GALLETTI, Domenico (Dominicus Gallettus)
Figlio di Jacopo, nacque a Monte San Savino nel 1443 o nel 1444, come si deduce dall'epitaffio apposto sulla sua tomba, nel quale si afferma che morì nel 1501 all'età di 58 anni.
Amico fin da giovanissimo di Marsilio Ficino, compì a Firenze studi filosofici e umanistici. Canonico della metropolitana di Arezzo, nel 1466 fu chiamato presso la Curia romana dove ebbe l'ufficio di segretario apostolico e di abbreviatore "de parco maiori", mantenendo tuttavia il canonicato aretino e le relative prebende. La data del trasferimento a Roma è testimoniata sia da una lettera in volgare del G. a Lorenzo de' Medici datata 11 giugno 1474 - in cui egli scriveva tra l'altro di essere in quella città già da "octo anni passati" - sia dal documento con cui Innocenzo VIII, il 22 marzo 1486, lo nominò segretario apostolico e nel quale si affermava che egli prestava servizio in Curia da venti anni come "scriptor".
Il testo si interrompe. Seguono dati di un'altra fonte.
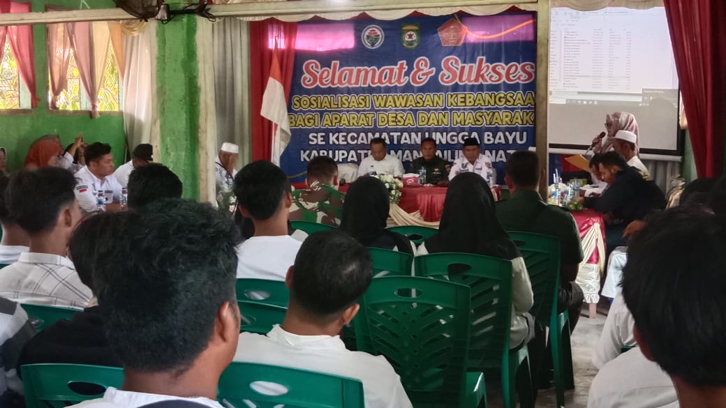 Kegiatan yang berlangsung di gedung MDA Dalan Lidang, kecamatan Lingga Bayu ini hadiri oleh camat Lingga Bayu,kepala desa, Dan pos Babinsa 16 ,babinsa Lingga Bayu,sekretaris desa, perangkat desa, dan BPD dari 17 desa yang ada di wilayah kecamatan Lingga Bayu Sosialisasi ini menghadirkan narasumber dari unsur TNI, Dan RamiL16 batang NataL Bapak Kapten Inf ZamriL.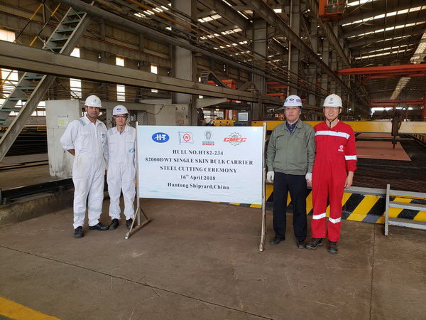 2018年4月16日,我司為日本NISSIN船東建造的82000噸散貨船(船體號(hào):HT82-234)正式開工,該船入BV船級(jí)社。公司領(lǐng)導(dǎo)、船東、船檢代表參加該儀式。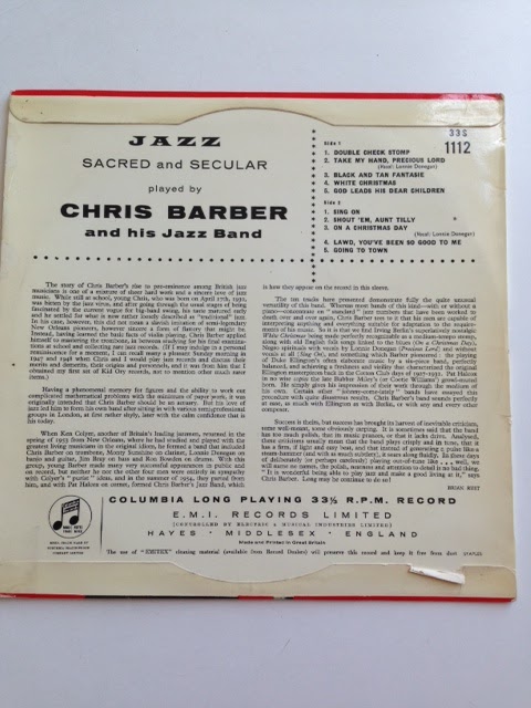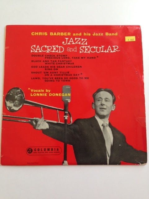 On the same trip to the record store, I found another great 10" album by Chris Barber and his jazz band. The album is called "Jazz Sacred and Secular." Barber is a British trombone player, and is one of the key players in the Soho London music scene of the 1950s. He was famous for having Lonnie Donegan in his band, who later became the figurehead that in a certain fashion, started the British Invasion in the early 1960s. Shuffle genius and architect to the do-it-yourself type of music, he made a major presence on a lot of British musicians. The beauty of this recording is that it is like listening to a well-received long distance call. Although from the UK, it reached out to New Orleans. Chris Barber actually spent time in New Orleans, and that one visit had a profound effect on his whole life. This 10" disk is a combination tribute to Duke Ellington as well as the New Orleans life. The mood is happy, but of course, it has traces of deep sadness. Music unlike food serves on different levels. If you taste food and it's too bitter or sweet, one may choose to spit it out. Music, on the other hand, is a texture that one craves for - due to its emotional responses within the grooves of the record. Barber's version of "Black and Tan Fantasie" is originally from Harlem, but here it is placed in Soho, London. Even the British spelling of Fantasy gives this recording a sense of being placed out of the storefront window, looking in, and just absorbing the goods in the store although you're outside. The sense of location changes, but nevertheless they are real places - and each place has a vision or a history. Even if it is made-up, it is still real, because what you're hearing is a place that is imagined or desired for.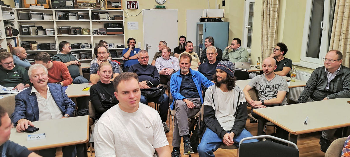 Bereits um etwa 17:30 waren die ersten Besucher im Clublokal. nach 18:00 füllte sich der Lehrsaal. Diverse Verständnis-Fagen zu den Prüfungsthemen starteten den Abend. Der Raum war gut gefüllt und Arnold OE1IAH diskutierte die gestellten Fragen. Gegen 19:00 mussten weitere Sitzgelegenheiten in den Raum gebracht werden, es wurde richtig eng. Die Teilnehmerliste hat 32 Einträge, beim Durchzählen waren über 40 Personen im Raum.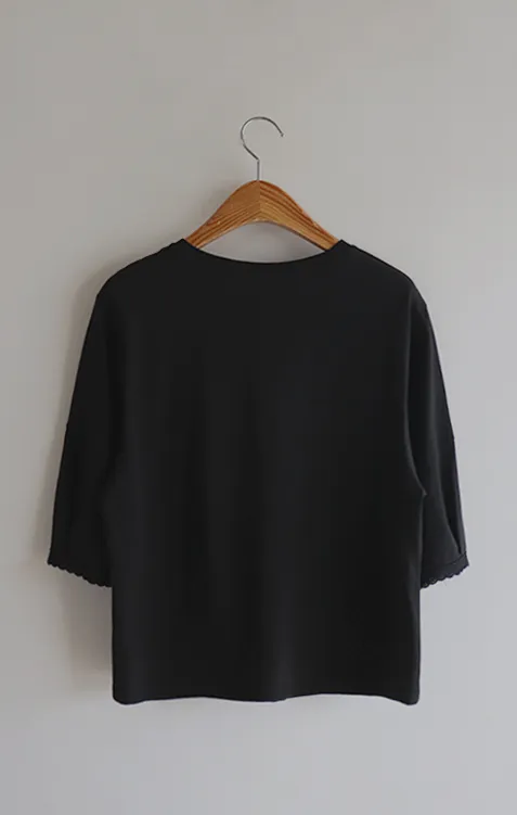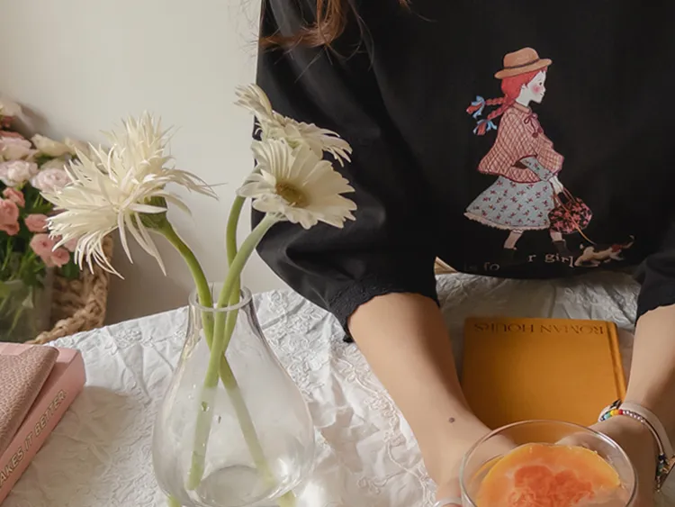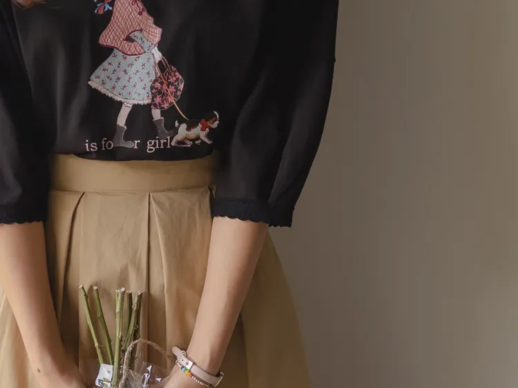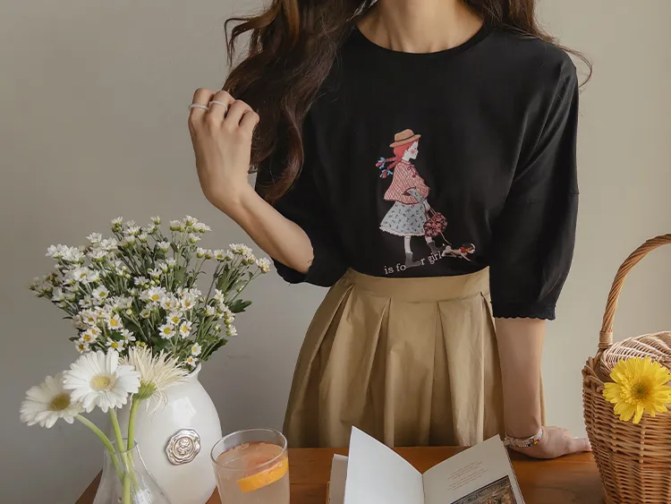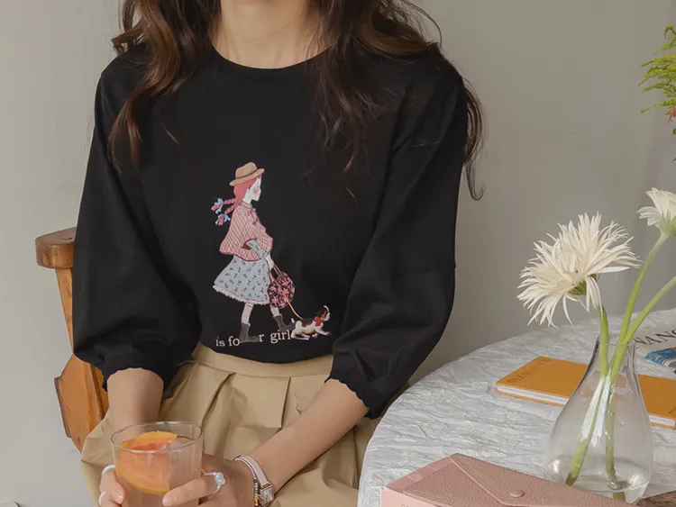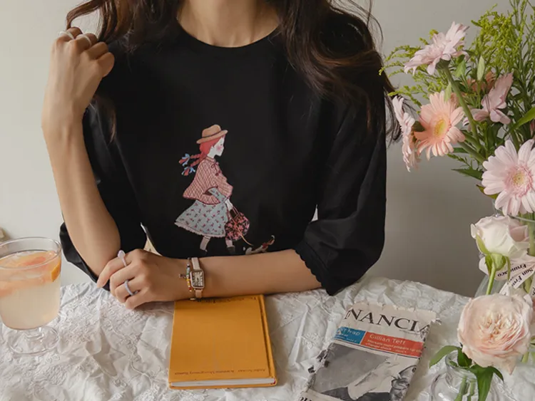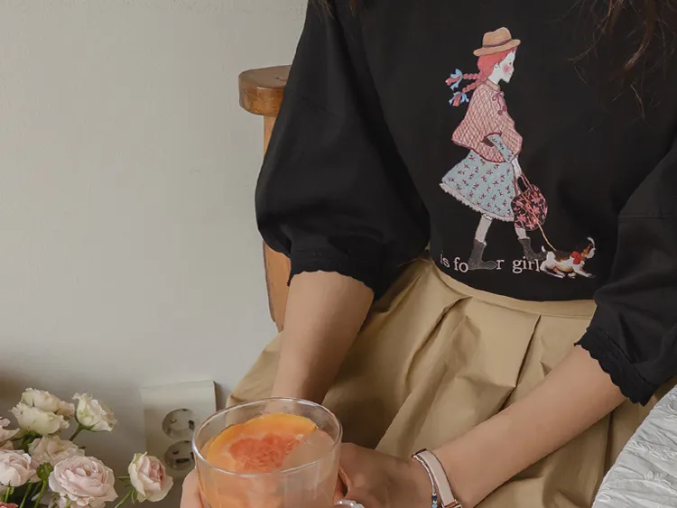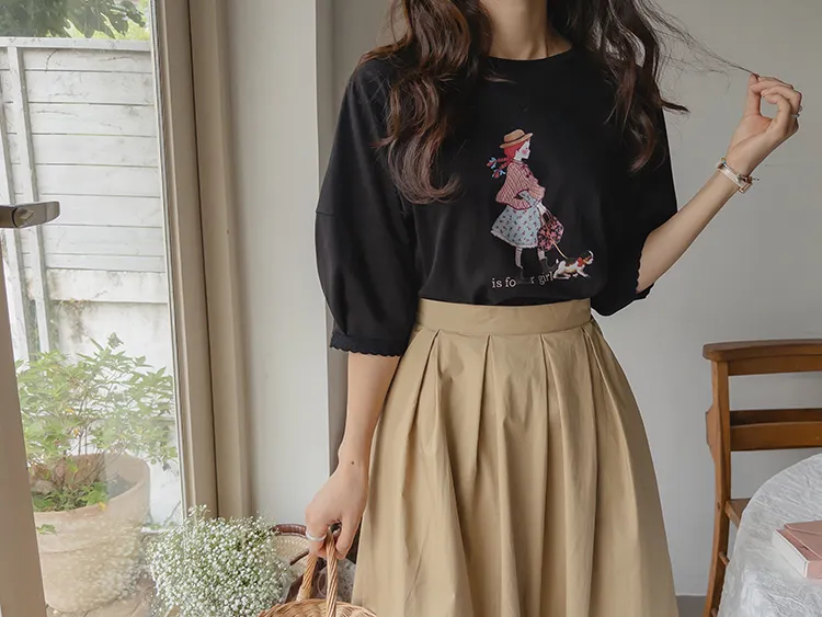 漂亮袖末蕾絲女孩印花上衣

Nel 1469 Paolo II intimò all'abate aretino Girolamo Aleotti, concanonico del G., di corrispondere per intero a quest'ultimo le rendite del suo canonicato; l'Aleotti replicò che ai canonici non residenti (come, appunto, il G.) spettavano solo "duodecim mensuras frumentarias". Nel 1474 il pontefice concesse al G. due benefici ecclesiastici, vacanti per la morte di Bartolomeo Gherardini. I Gherardi e i Gherardini si opposero al provvedimento. Il G. scrisse, allora, a Lorenzo de' Medici la già ricordata lettera dell'11 giugno 1474, chiedendo la sua protezione e la sua assistenza nella controversia. Nella medesima epistola il G. coglieva l'occasione per lamentarsi della sua condizione in Curia. È certo, tuttavia, che il G. percorse in Curia una carriera di tutto rilievo. Sotto i pontificati di Paolo II e di Sisto IV lavorò come "scriptor brevium", accanto al fulginate Sigismondo de' Conti e fu alle dirette dipendenze dell'amico Leonardo Dati, vescovo di Massa Marittima e "secretarius domesticus" pontificio, sino alla morte di quest'ultimo (1472). Gaspare da Verona, biografo di Paolo II, scrive che il G. e il Conti "miris, quamvis iuvenes, virtutibus fulgent". Il 22 marzo 1486, sotto Innocenzo VIII, il G. divenne segretario apostolico di numero; il documento di nomina gli concedeva il diritto a subentrare nel primo posto di segretario che si fosse reso vacante. Ciò si verificò nell'agosto del 1491, alla morte di Pietro Altissen. Lo stesso Innocenzo VIII gli conferì, il 23 luglio 1485, una cappellania nella chiesa di S. Lorenzo a San Giovanni Valdarno e, nel medesimo giorno, gli concesse un salvacondotto per la Toscana. Il 13 genn. 1486 gli assegnò inoltre la pieve di Pian di Maiano, nella diocesi di Arezzo. Il Liber notarum del Burckard testimonia della sua riconferma a scrittore e segretario apostolico nel 1493 e nel 1497; serba inoltre memoria della sua partecipazione, sempre nella veste di scrittore apostolico, alle processioni del Corpus Domini del 1498 e del 1499. Il G. ricoprì queste cariche fino alla morte.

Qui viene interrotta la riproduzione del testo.